• [Source data]
━━━━
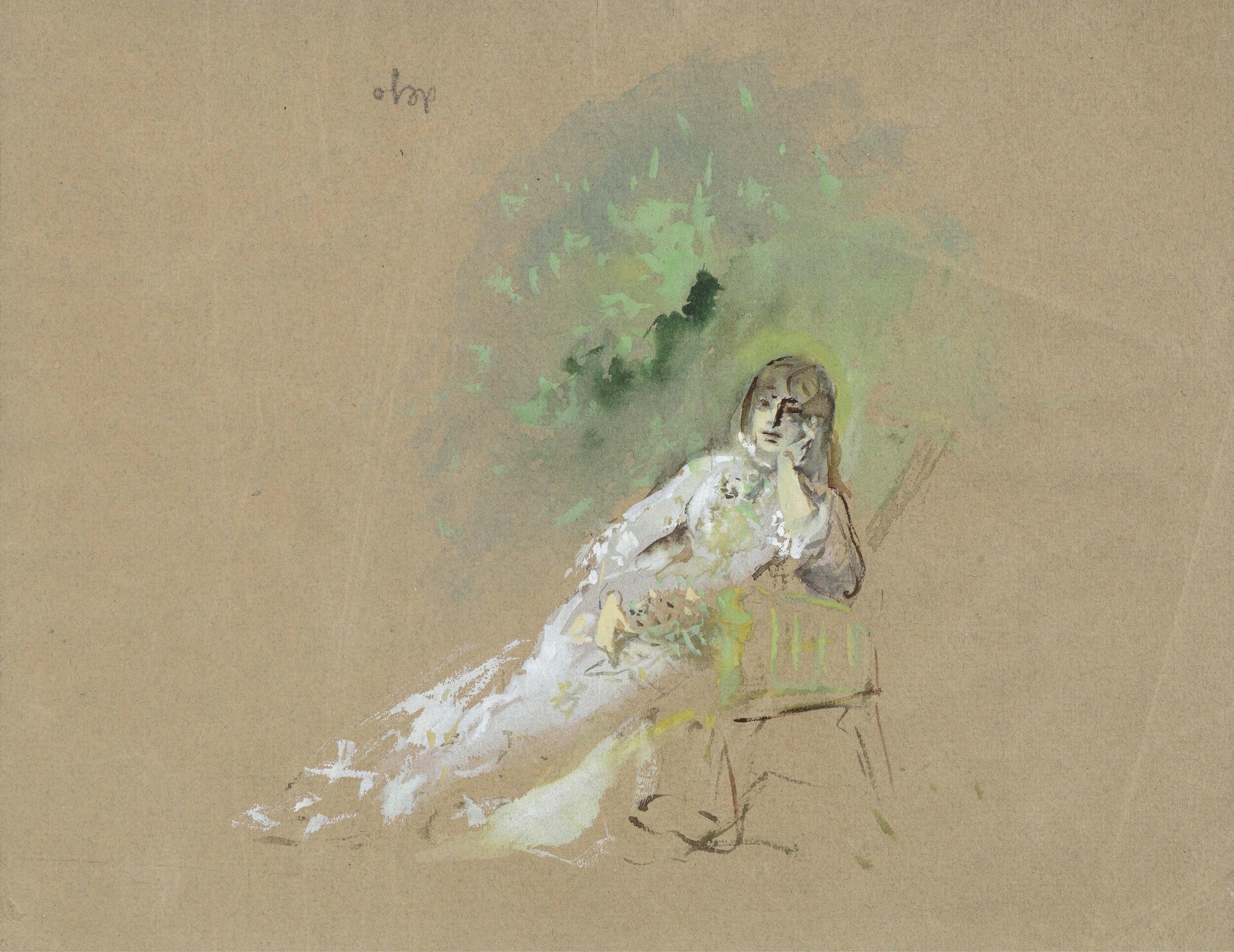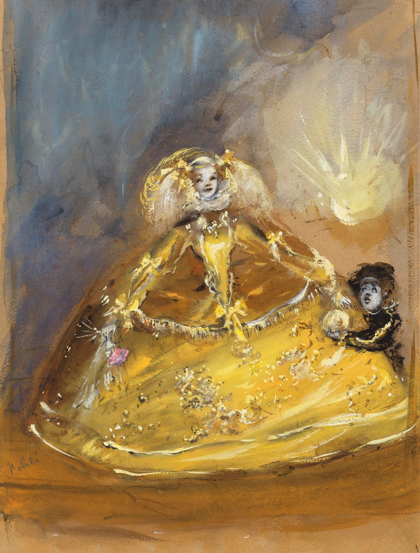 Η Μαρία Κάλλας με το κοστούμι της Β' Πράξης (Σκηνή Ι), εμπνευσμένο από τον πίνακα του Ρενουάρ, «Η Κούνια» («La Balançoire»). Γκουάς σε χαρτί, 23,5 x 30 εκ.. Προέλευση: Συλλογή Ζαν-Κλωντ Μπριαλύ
━━━━
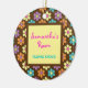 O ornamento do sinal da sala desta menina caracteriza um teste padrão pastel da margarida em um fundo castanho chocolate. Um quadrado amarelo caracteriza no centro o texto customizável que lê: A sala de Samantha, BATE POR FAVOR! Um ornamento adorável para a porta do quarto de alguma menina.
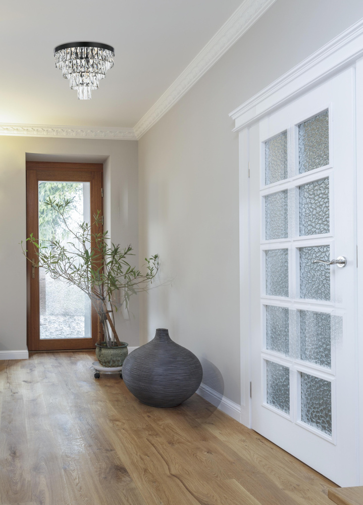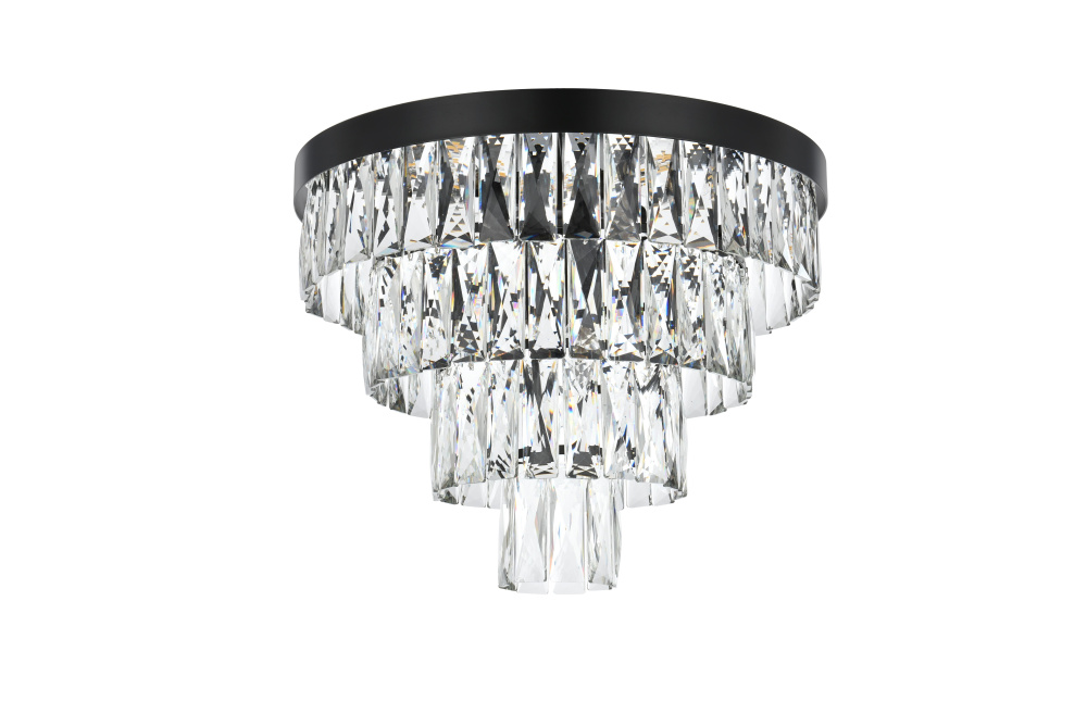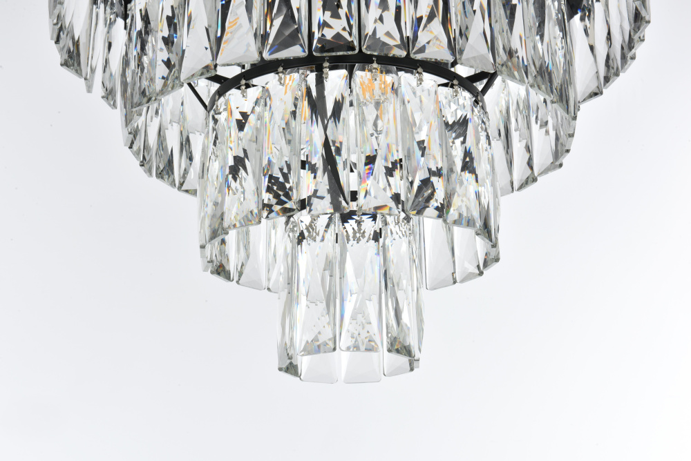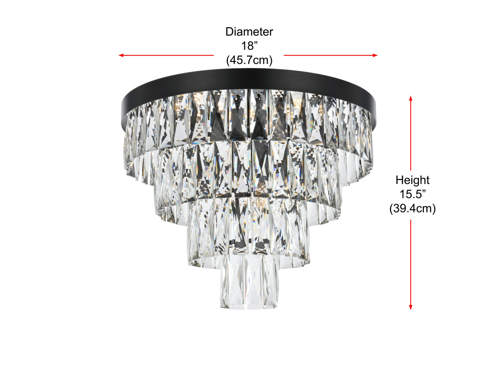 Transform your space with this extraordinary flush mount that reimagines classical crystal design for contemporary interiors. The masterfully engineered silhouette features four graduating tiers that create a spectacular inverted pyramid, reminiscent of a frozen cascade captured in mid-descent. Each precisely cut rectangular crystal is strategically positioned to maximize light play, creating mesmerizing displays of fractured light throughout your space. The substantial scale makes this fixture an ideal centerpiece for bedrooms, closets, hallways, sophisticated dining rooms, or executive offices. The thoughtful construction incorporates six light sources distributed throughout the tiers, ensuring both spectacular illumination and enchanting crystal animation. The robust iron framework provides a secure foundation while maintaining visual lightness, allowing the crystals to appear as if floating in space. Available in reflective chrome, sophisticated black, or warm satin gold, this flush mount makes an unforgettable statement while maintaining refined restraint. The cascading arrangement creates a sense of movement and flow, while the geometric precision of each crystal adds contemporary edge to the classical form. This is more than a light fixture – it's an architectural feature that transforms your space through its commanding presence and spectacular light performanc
━━━━
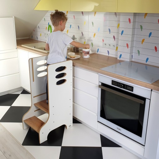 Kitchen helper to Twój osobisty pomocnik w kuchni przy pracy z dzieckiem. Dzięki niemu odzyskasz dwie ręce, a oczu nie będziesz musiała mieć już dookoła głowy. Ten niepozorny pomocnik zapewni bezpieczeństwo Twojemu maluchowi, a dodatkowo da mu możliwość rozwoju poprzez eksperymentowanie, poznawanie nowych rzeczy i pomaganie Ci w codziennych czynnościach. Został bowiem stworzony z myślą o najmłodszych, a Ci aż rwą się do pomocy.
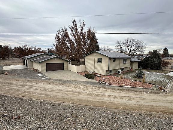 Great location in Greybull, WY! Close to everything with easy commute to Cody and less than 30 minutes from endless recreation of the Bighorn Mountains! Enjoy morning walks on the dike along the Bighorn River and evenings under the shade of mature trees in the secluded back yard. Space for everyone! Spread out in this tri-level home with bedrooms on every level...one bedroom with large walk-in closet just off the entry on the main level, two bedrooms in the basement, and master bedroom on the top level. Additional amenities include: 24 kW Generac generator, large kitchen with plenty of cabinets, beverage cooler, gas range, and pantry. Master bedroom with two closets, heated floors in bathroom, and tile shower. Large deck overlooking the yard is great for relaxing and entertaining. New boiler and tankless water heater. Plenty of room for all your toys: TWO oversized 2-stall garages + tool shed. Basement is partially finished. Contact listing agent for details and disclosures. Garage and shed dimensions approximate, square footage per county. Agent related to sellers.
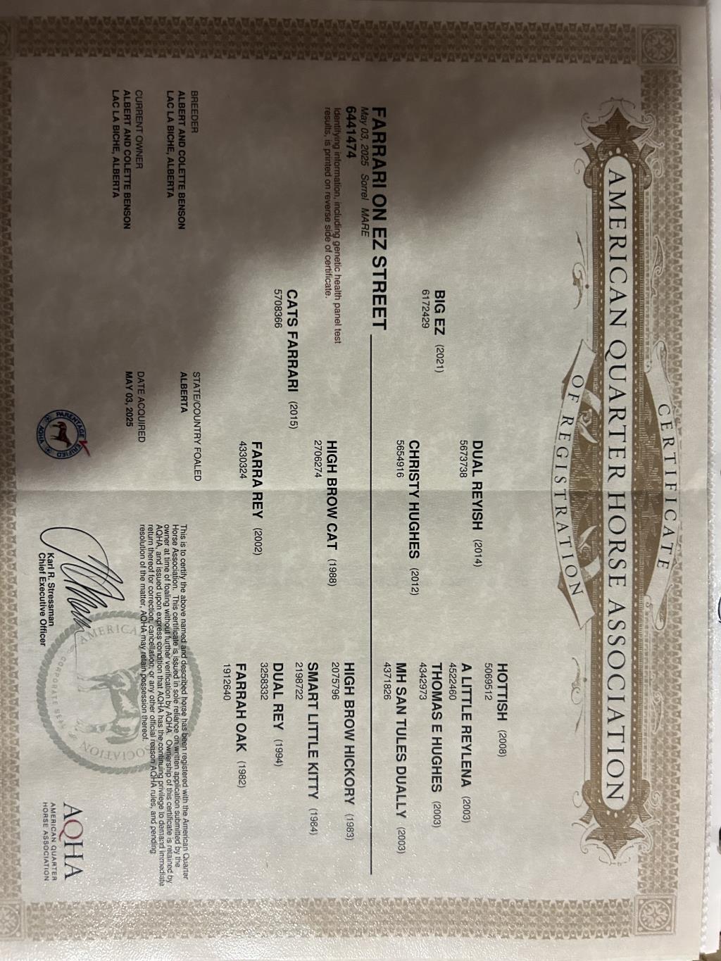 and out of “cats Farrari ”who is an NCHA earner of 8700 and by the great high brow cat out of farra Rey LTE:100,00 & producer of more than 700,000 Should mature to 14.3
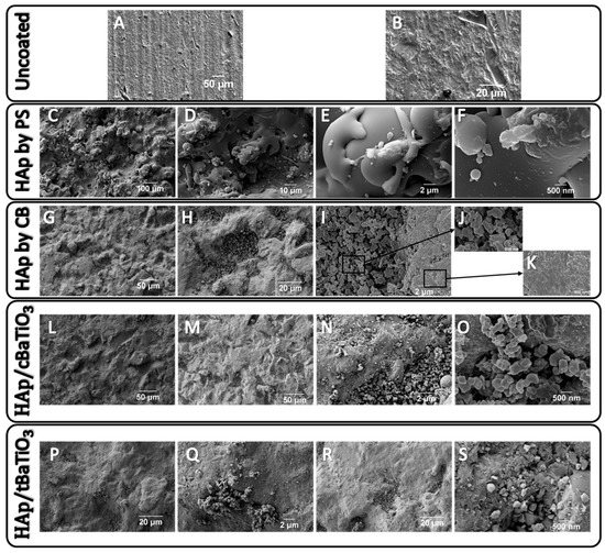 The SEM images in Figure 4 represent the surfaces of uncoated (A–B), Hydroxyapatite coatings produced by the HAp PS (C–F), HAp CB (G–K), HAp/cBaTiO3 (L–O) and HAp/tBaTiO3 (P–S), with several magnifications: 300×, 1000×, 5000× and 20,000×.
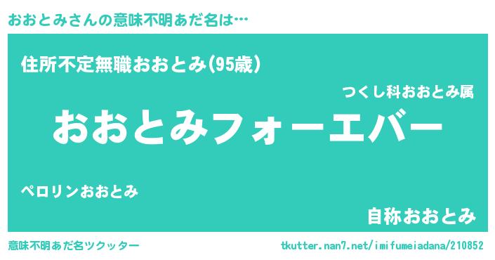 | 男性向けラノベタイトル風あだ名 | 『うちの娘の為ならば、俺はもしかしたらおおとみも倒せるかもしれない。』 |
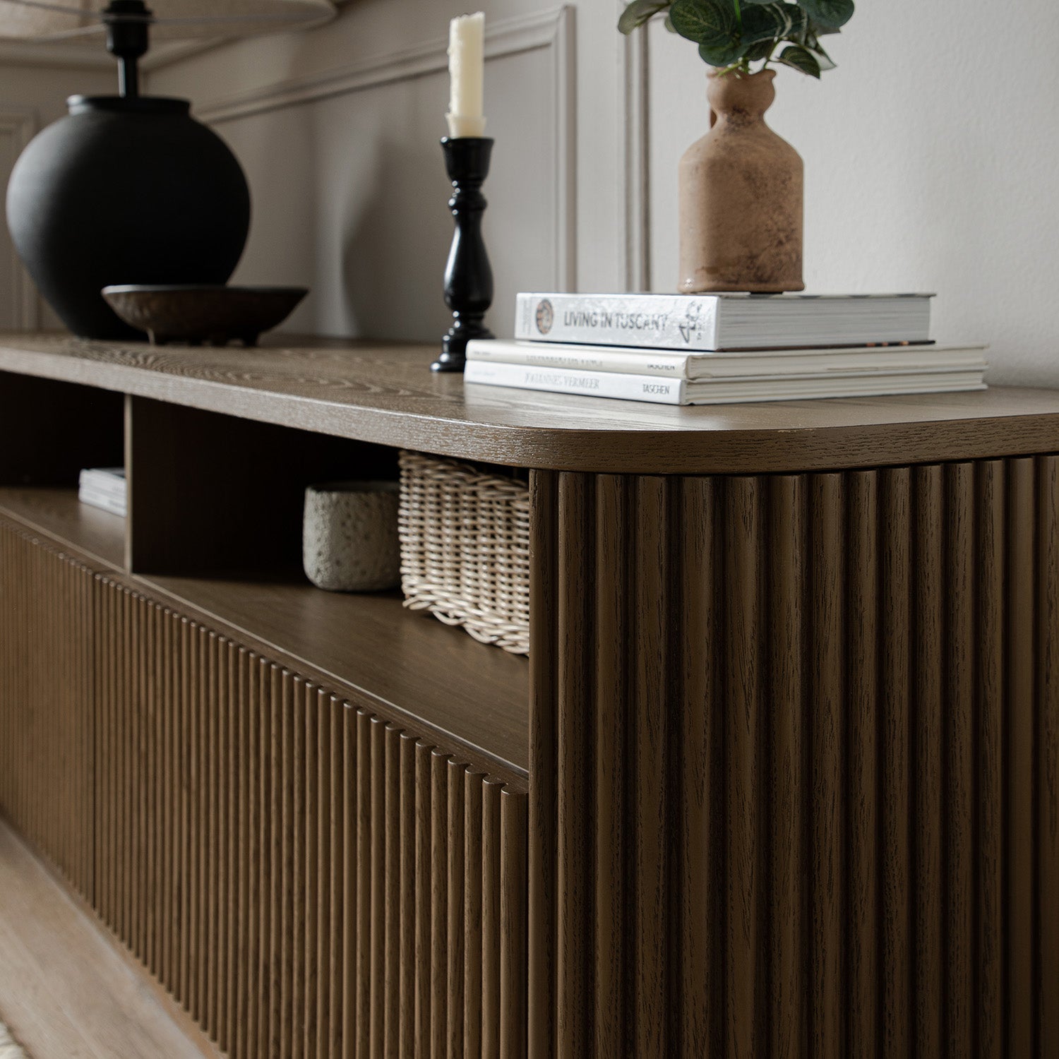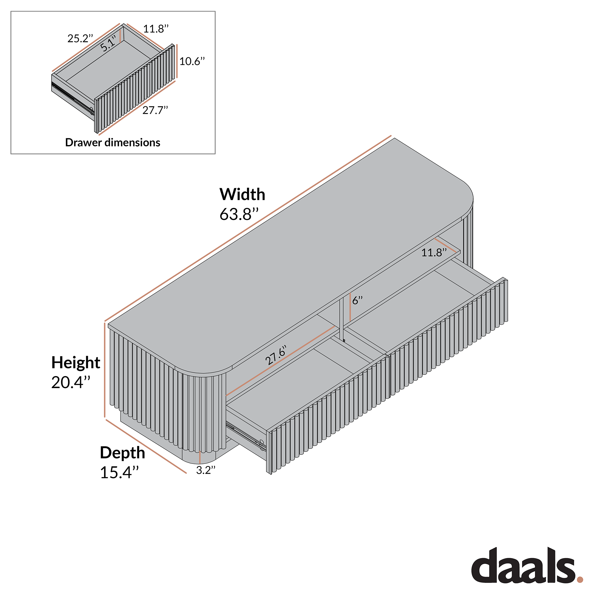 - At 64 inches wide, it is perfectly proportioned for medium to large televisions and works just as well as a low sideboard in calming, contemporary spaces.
━━━━
• [What you need to do] Excluding any pictures, print exactly the lines of the listing above from the line with "The SEM images" to the line with "男性向けラノベタイトル風あだ名 | 『うちの娘の為ならば、俺はもしかしたらおおとみも倒せるかもしれない。』 |", both ends included.

• [Answer space]
 The SEM images in Figure 4 represent the surfaces of uncoated (A–B), Hydroxyapatite coatings produced by the HAp PS (C–F), HAp CB (G–K), HAp/cBaTiO3 (L–O) and HAp/tBaTiO3 (P–S), with several magnifications: 300×, 1000×, 5000× and 20,000×.
 | 男性向けラノベタイトル風あだ名 | 『うちの娘の為ならば、俺はもしかしたらおおとみも倒せるかもしれない。』 |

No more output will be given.